Exercise description -> Each line below from the "長袖 復古短版POLO衫-黑色 5POY-1436-BKXL|S|M|LT-shirtsFILA官方直營店" line through the "强くなれると感じていたのに | |" line, those two included, must be restated word for word; the pictures must not be.

Recorded information ->
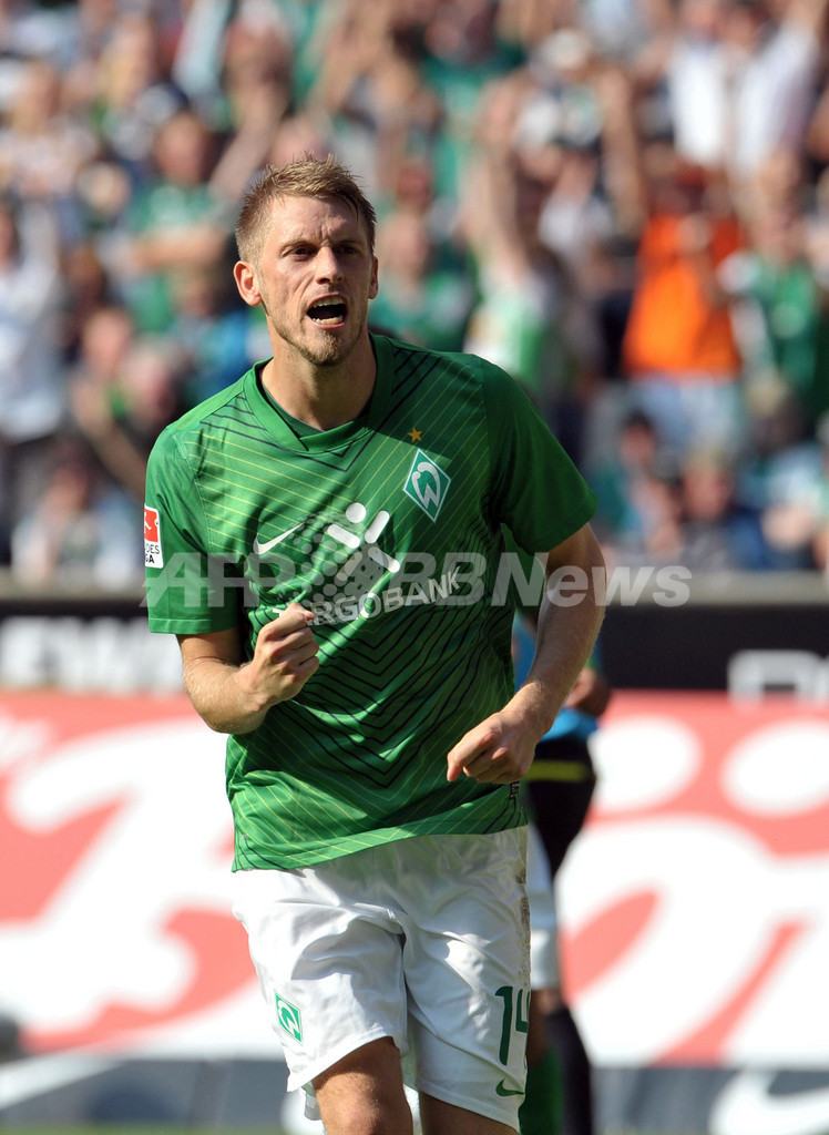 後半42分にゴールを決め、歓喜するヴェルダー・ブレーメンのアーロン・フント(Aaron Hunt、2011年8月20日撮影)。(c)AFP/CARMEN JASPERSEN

---

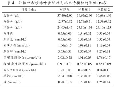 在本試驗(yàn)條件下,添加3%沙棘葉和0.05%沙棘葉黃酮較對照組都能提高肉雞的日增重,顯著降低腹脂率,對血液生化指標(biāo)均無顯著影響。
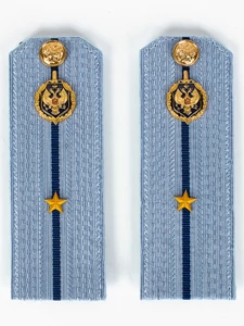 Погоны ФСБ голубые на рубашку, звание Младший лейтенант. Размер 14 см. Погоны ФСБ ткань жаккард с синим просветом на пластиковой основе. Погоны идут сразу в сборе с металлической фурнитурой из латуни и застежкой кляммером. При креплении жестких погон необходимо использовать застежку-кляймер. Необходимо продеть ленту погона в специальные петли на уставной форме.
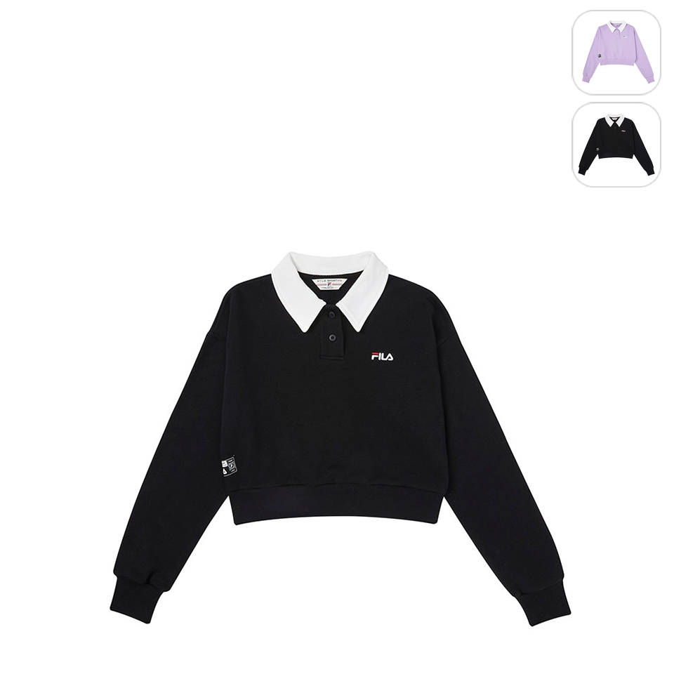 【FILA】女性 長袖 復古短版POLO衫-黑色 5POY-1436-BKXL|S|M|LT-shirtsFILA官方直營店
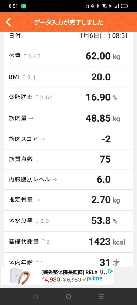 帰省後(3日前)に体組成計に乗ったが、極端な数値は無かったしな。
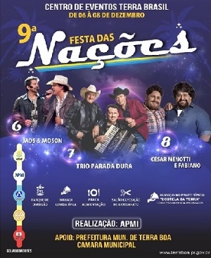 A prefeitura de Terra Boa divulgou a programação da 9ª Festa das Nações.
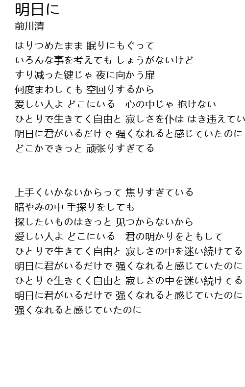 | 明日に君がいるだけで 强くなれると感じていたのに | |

Answer for the task ->
 【FILA】女性 長袖 復古短版POLO衫-黑色 5POY-1436-BKXL|S|M|LT-shirtsFILA官方直營店
 帰省後(3日前)に体組成計に乗ったが、極端な数値は無かったしな。
 A prefeitura de Terra Boa divulgou a programação da 9ª Festa das Nações.
 | 明日に君がいるだけで 强くなれると感じていたのに | |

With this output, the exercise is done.